Problem to work on:
Repeat the data below in full. Pictures must not be part of the copy.

Material provided:
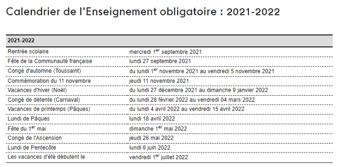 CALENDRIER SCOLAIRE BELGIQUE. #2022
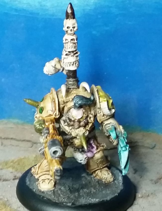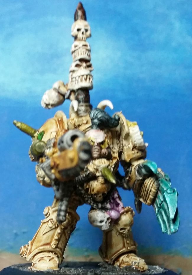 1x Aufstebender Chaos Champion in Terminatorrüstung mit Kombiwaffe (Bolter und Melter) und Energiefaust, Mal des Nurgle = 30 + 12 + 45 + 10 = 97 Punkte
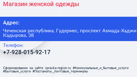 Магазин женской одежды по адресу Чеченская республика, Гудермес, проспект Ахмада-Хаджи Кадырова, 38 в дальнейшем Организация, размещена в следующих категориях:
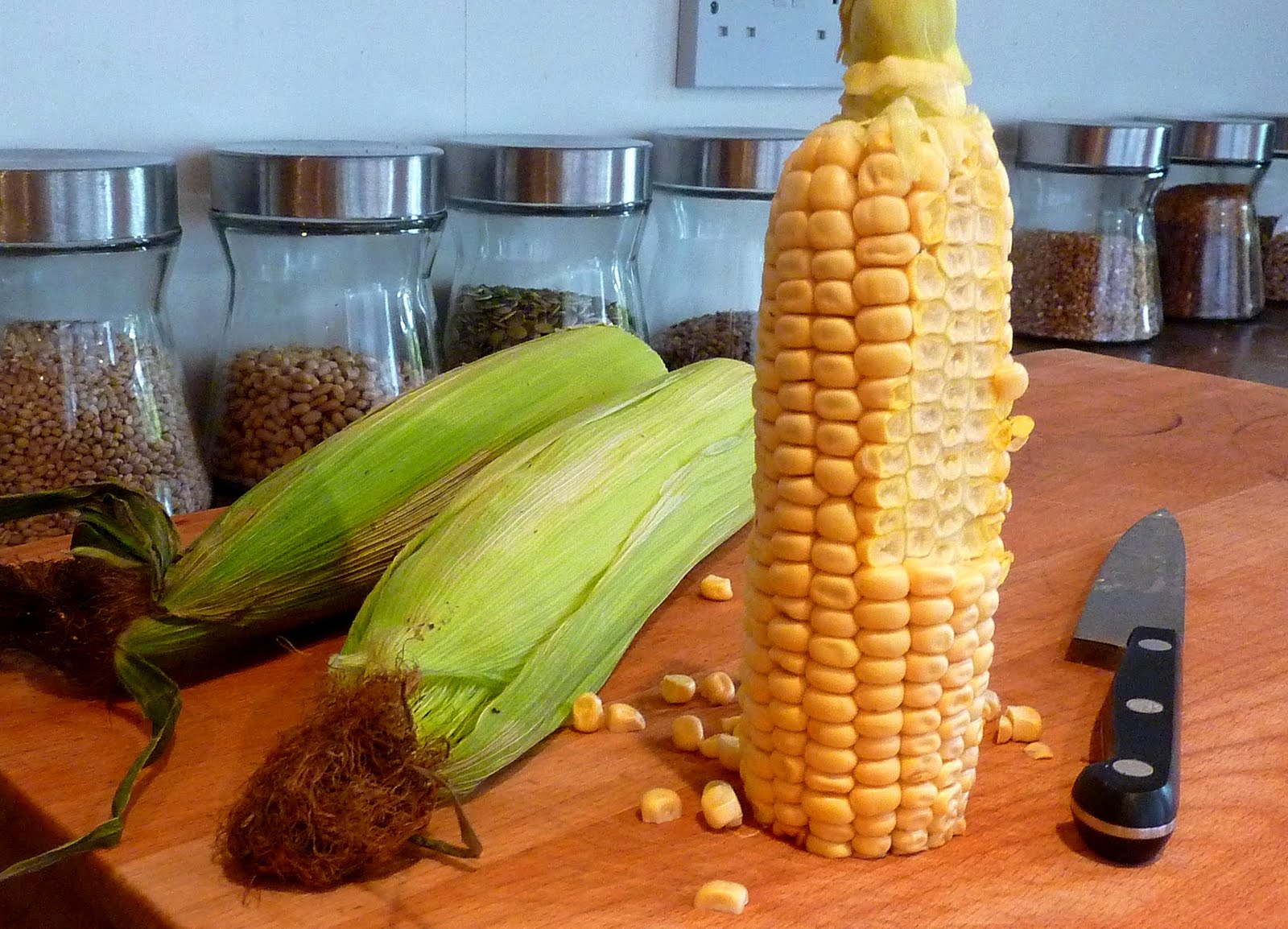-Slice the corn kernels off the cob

Solution:
 CALENDRIER SCOLAIRE BELGIQUE. #2022
 1x Aufstebender Chaos Champion in Terminatorrüstung mit Kombiwaffe (Bolter und Melter) und Energiefaust, Mal des Nurgle = 30 + 12 + 45 + 10 = 97 Punkte
 Магазин женской одежды по адресу Чеченская республика, Гудермес, проспект Ахмада-Хаджи Кадырова, 38 в дальнейшем Организация, размещена в следующих категориях:
-Slice the corn kernels off the cob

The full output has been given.